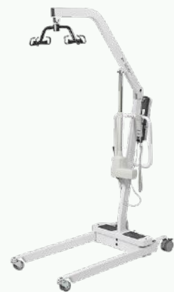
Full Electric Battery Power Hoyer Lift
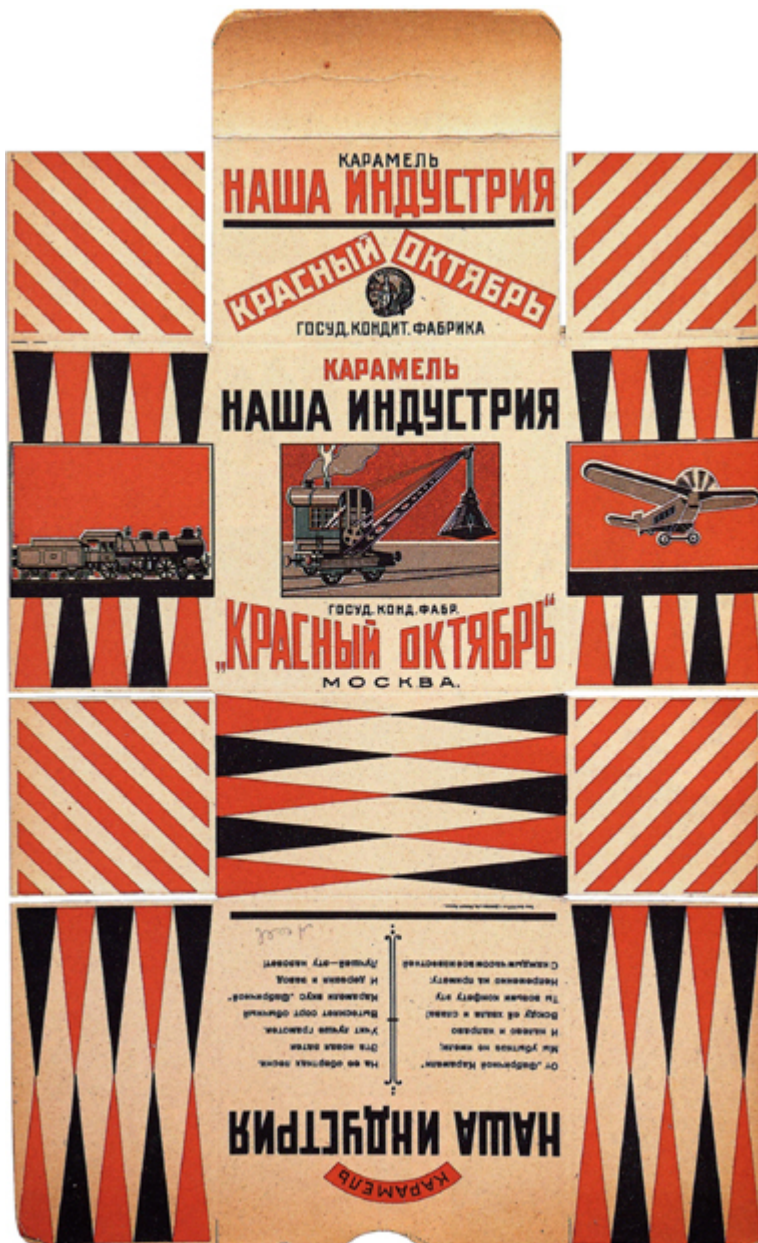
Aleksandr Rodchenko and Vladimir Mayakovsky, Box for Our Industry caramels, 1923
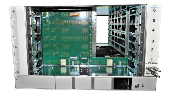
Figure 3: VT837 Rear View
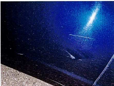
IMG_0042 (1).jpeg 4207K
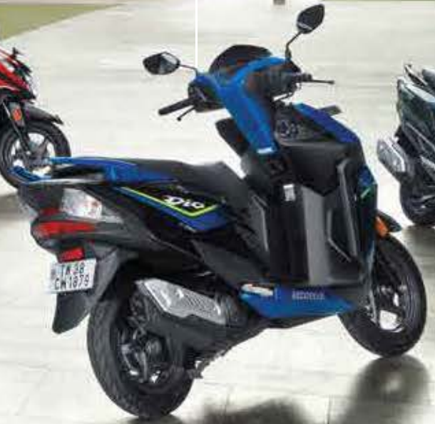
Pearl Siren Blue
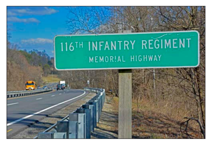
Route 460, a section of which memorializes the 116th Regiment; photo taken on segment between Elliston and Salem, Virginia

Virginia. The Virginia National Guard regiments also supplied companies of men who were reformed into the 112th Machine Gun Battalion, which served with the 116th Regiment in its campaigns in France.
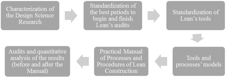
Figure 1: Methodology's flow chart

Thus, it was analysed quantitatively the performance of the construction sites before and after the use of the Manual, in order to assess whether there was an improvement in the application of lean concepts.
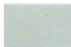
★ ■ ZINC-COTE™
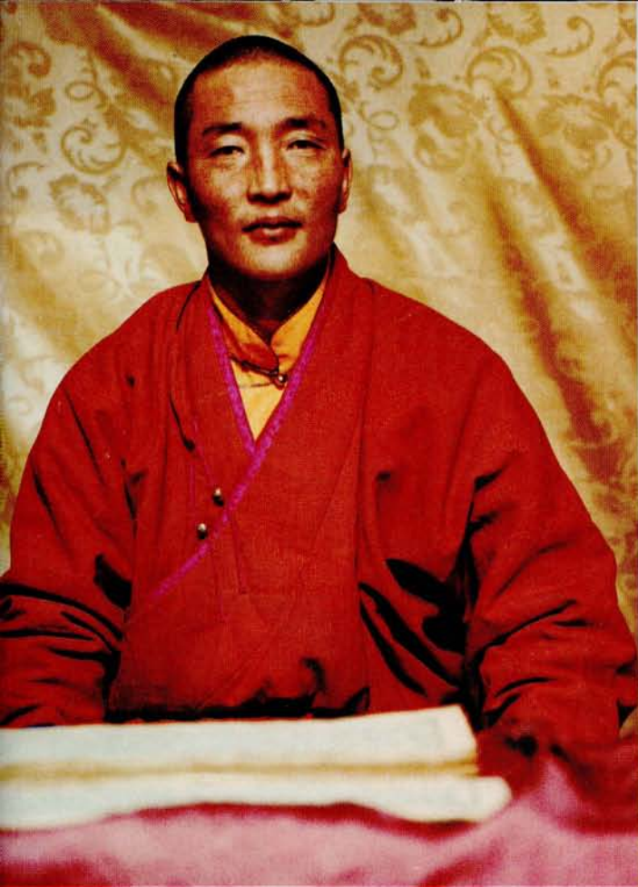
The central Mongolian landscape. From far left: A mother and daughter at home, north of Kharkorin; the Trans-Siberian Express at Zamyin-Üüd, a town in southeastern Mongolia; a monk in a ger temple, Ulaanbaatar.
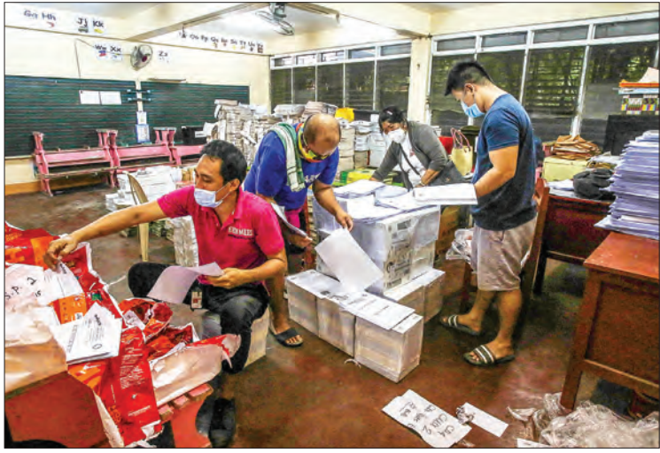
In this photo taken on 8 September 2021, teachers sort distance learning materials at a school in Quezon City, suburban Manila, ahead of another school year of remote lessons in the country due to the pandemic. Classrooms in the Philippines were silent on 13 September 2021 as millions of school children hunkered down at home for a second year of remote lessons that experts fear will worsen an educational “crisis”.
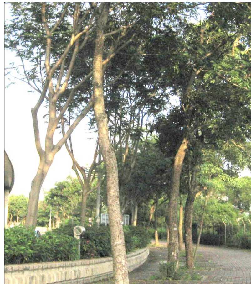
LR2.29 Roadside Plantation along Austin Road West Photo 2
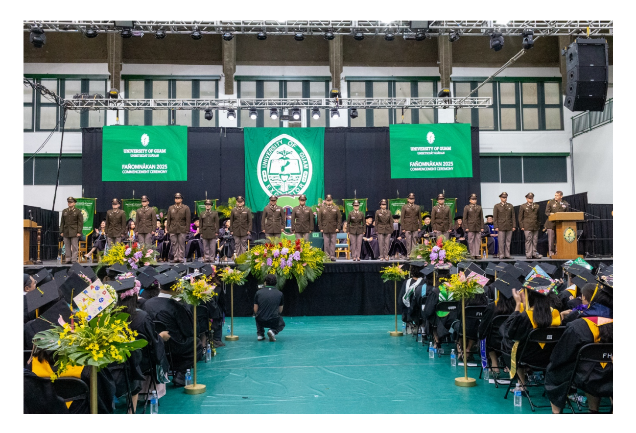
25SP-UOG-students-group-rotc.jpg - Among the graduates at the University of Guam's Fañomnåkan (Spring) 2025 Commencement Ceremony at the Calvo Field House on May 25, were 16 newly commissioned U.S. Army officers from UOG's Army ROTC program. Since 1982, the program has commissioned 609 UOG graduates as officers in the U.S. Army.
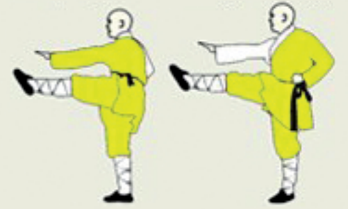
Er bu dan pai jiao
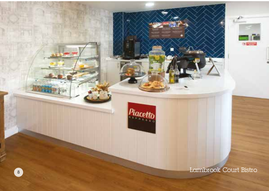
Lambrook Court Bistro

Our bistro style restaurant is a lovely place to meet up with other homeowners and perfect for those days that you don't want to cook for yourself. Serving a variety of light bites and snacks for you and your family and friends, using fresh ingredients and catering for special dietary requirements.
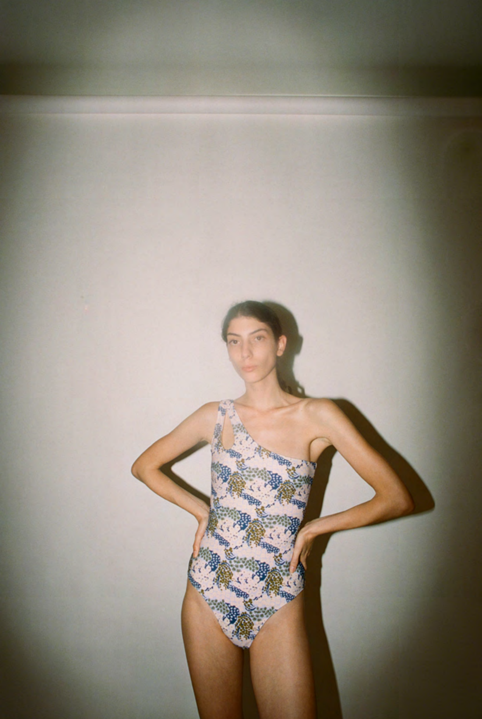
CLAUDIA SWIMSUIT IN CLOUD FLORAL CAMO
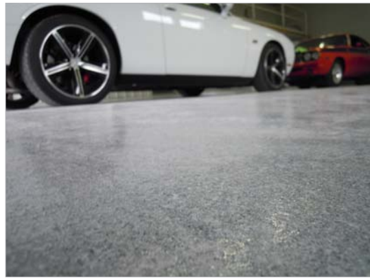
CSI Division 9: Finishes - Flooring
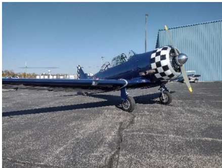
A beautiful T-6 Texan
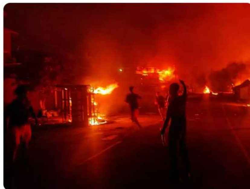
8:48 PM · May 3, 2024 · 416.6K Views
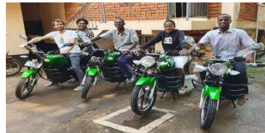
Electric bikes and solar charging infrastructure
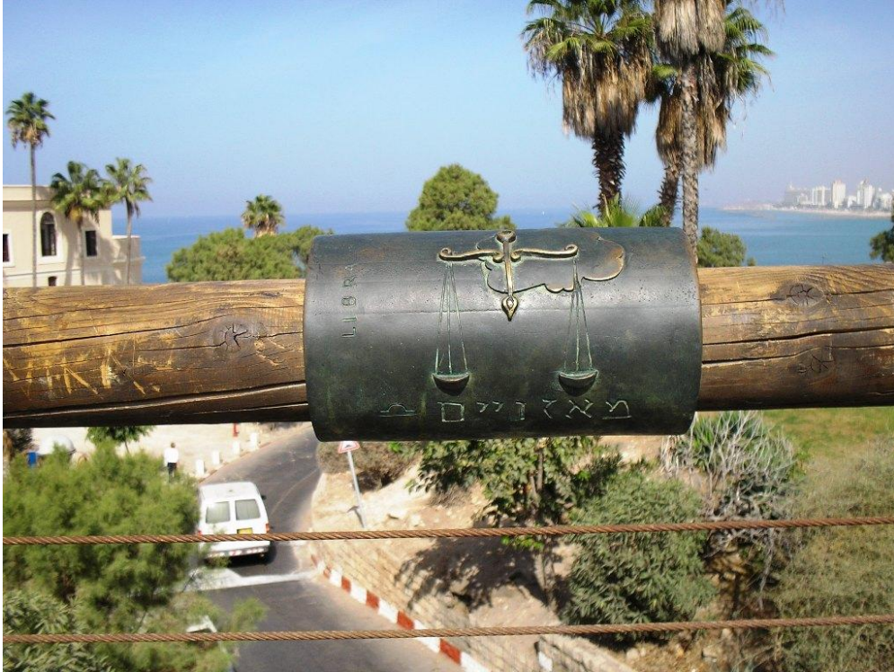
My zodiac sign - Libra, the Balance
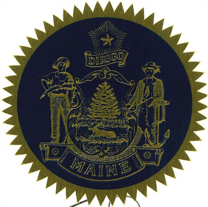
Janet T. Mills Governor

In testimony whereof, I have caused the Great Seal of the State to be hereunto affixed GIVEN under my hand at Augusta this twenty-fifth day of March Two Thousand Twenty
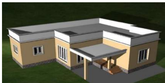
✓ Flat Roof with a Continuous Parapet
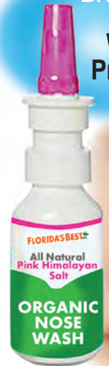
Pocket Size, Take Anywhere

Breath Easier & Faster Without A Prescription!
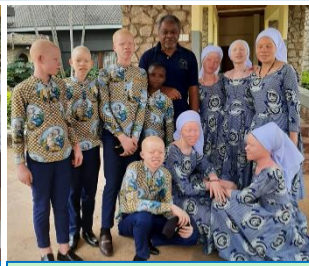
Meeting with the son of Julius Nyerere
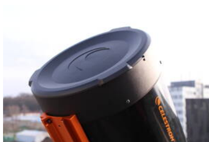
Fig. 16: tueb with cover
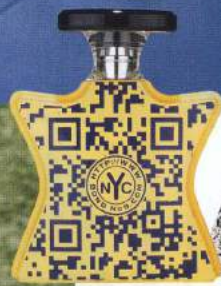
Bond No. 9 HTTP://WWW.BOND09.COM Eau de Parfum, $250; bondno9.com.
###
Scan the records for the word "Electric" and copy every line where it is found.

Answer section:
Full Electric Battery Power Hoyer Lift
Electric bikes and solar charging infrastructure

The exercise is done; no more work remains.